What I would instrument first

If you are working with a small business, do not start by instrumenting every prompt token and edge case. Start with the places that create support pain or financial risk.

For an invoice workflow, trace customer lookup, invoice lookup, payment status, reminder generation, approval, and send.

For a lead workflow, trace source, deduplication, enrichment, CRM write, notification, and follow-up task creation.

For a WordPress/content workflow, trace source URLs, summarization, draft creation, image generation, human review, and publish state. Especially publish state. Nobody wants an agent accidentally publishing a draft because a boolean default was wrong.
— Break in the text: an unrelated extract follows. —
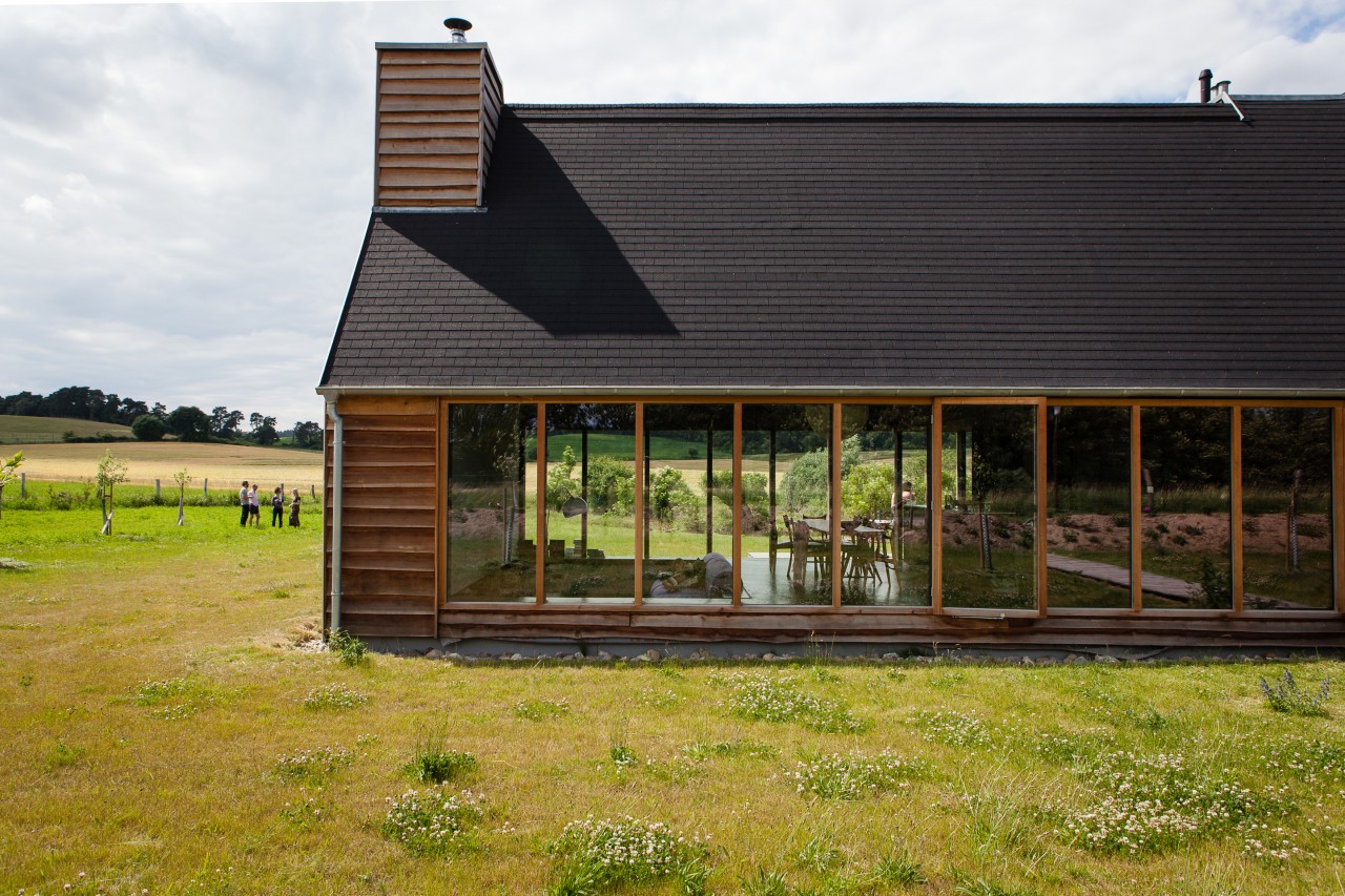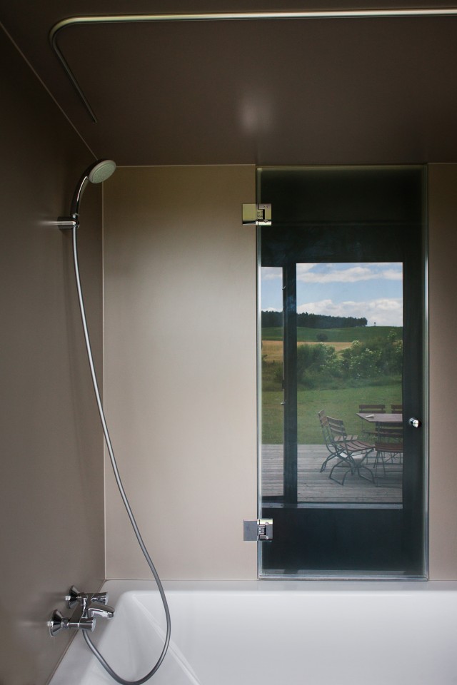 A timber house with large glass windows that allow the daylight to bathe the black-tinted surfaces with a natural glow. The ground floor has a large living area, a fireplace, an open kitchen and two alcoves which can be separated by glass sliding doors. These hold a bedroom and a bathtub with views of the countryside which will leave you in total awe. The top floor has 2 double bedrooms with a guest toilet each and an exceptional library. No wonder this home has already been featured in numerous German magazines such as Ad Magazine, Der Architekt and received multiple awards:

For a local AI setup with Ollama, trace runtime and fallback behavior. If a local model fails and the system falls back to a cloud model, that should be visible. If a workflow silently switches models, your privacy story has a hole in it.

The sales angle is reliability, not magic

A lot of small-business AI pitches still sound like magic: "we will automate your operations with agents." Owners have heard enough of that.

A better pitch is more concrete:

"We will automate one repetitive workflow. You will be able to see every tool the agent used, every workflow it triggered, whether a human approved it, and what changed. If something goes wrong, we can replay the receipt."

That is less flashy, but it is more believable.

MCP makes the integrations less brittle. Workflow tools make the actions repeatable. Observability makes the whole thing accountable.

That combination is the difference between a clever prototype and a service you can charge for every month.

Source notes

Model Context Protocol documentation: MCP is an open-source standard for connecting AI applications to external systems such as data sources, tools, and workflows. https://modelcontextprotocol.io/docs/getting-started/intro
OpenTelemetry GenAI semantic conventions: OpenTelemetry maintains GenAI conventions alongside standard tracing conventions, including GenAI spans and MCP-related areas in the semantic convention registry. https://opentelemetry.io/docs/specs/semconv/gen-ai/
CNCF / Jaeger: Jaeger is evolving to trace AI agents with OpenTelemetry. https://www.cncf.io/blog/2026/05/26/how-jaeger-is-evolving-to-trace-ai-agents-with-opentelemetry/
n8n: AI workflow automation combines AI decision/generation with standardized workflows, with tools like n8n positioned for flexible automation. https://blog.n8n.io/best-ai-workflow-automation-tools/
DynamicMCPProxy: a dynamic MCP gateway that now includes security-first JSONL receipts and optional OpenTelemetry export. https://github.com/HappyMonkeyAI/DynamicMCPProxy
Social trend signal: X search on 2026-07-04 showed live discussion around MCP, n8n, Ollama, and tool routing for practical small-business automation.